Given that the popliteal fossa was the most frequent location for telangiectasia it is interesting that there was no significant association between increasing grade of telangiectasia and small saphenous reflux.

A systematic approach to the therapy of venous disease with prior investigations and elimination of truncal reflux if present before treating telangiectasia is conceptually attractive. However, the weak association between the telangiectasia and saphenous or deep incompetence found in this study offers little support for such a policy.
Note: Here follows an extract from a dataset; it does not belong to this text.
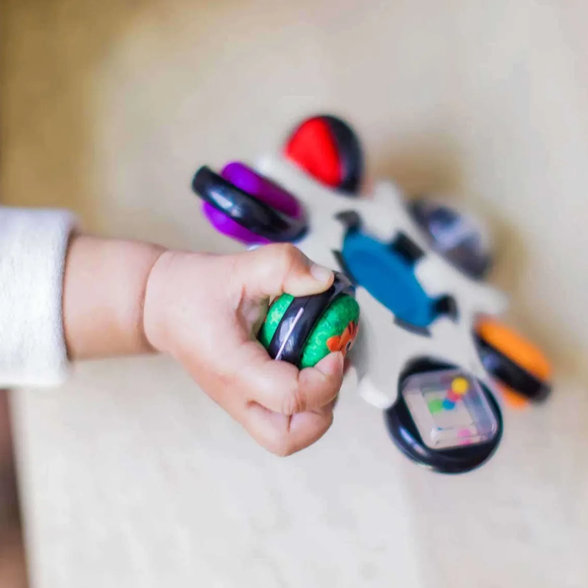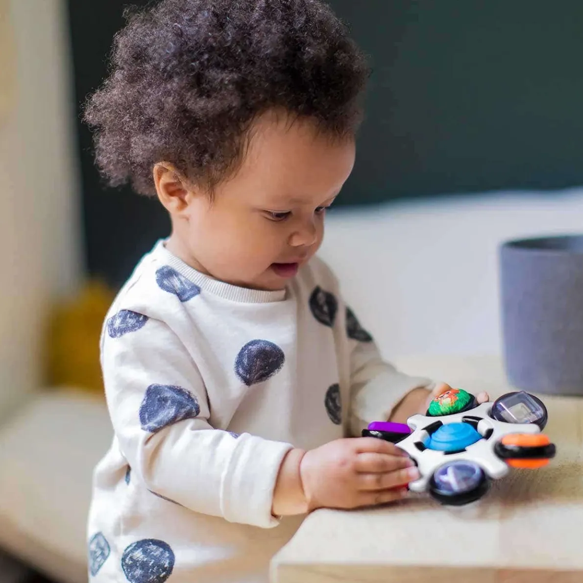 - Keeps baby curious – From grasping to popping, from pressing to twisting, baby will stay busy and entertained as they explore all the gadgets on their Curiosity Clutch
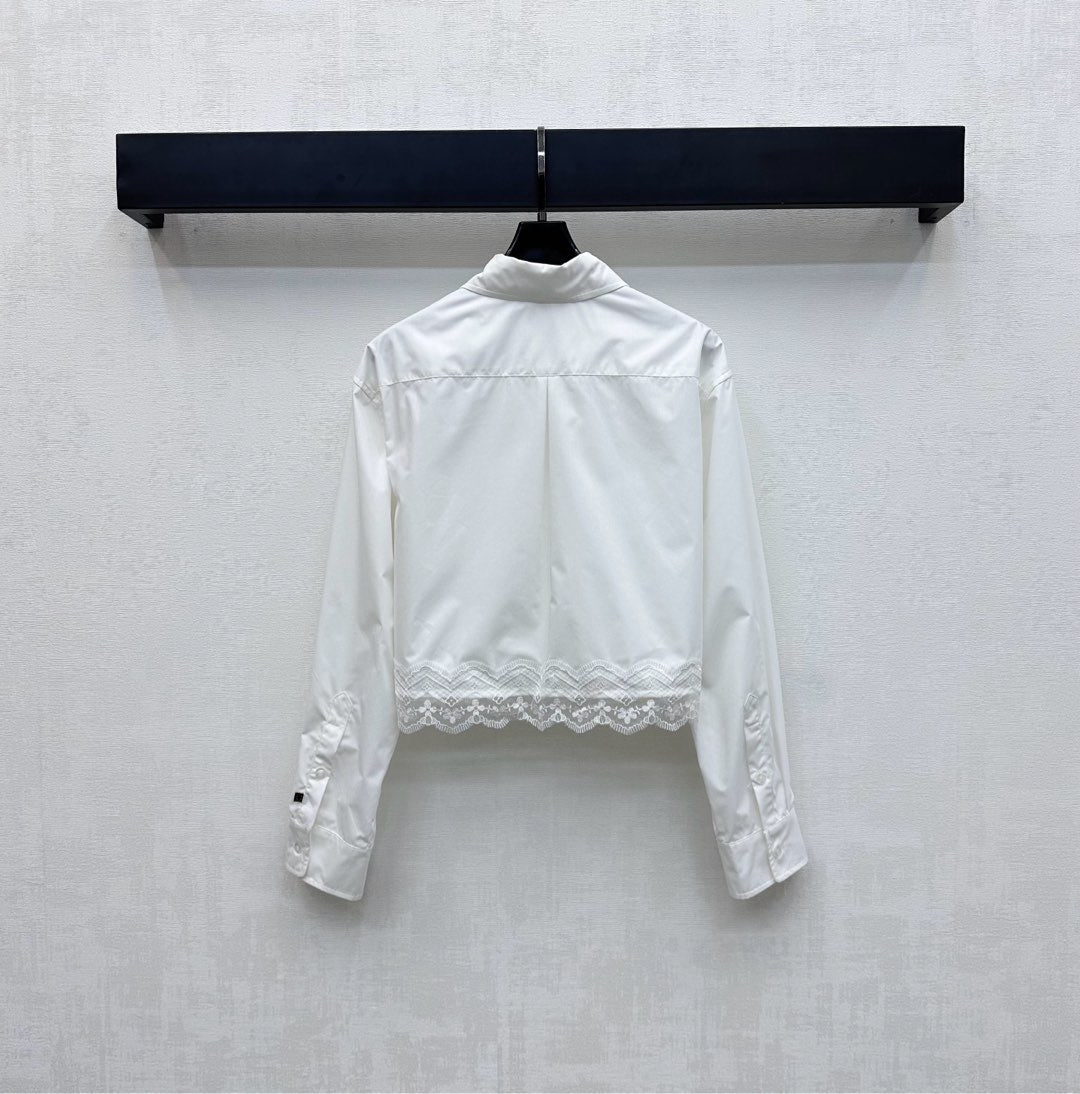 LV25 Lace-Trimmed Shirt and Shorts Set White Cotton 290149

In this study we did not evaluate reflux in reticular veins. Other studies have shown an association between telangiectasia and reflux in adjacent reticular veins. ^7,8

Conclusions

If anatomy is to be fully understood and therapy appropriately directed in patients presenting with telangiectasia, there is a need for studies employing high definition duplex to track reflux in saphenous systems, reticulars and perforators.

Analysis of the follow-up data of the Edinburgh Vein Study population is currently underway, and this may shed light on the evolution of telangiectasia in this population and its association with other components of chronic venous disease.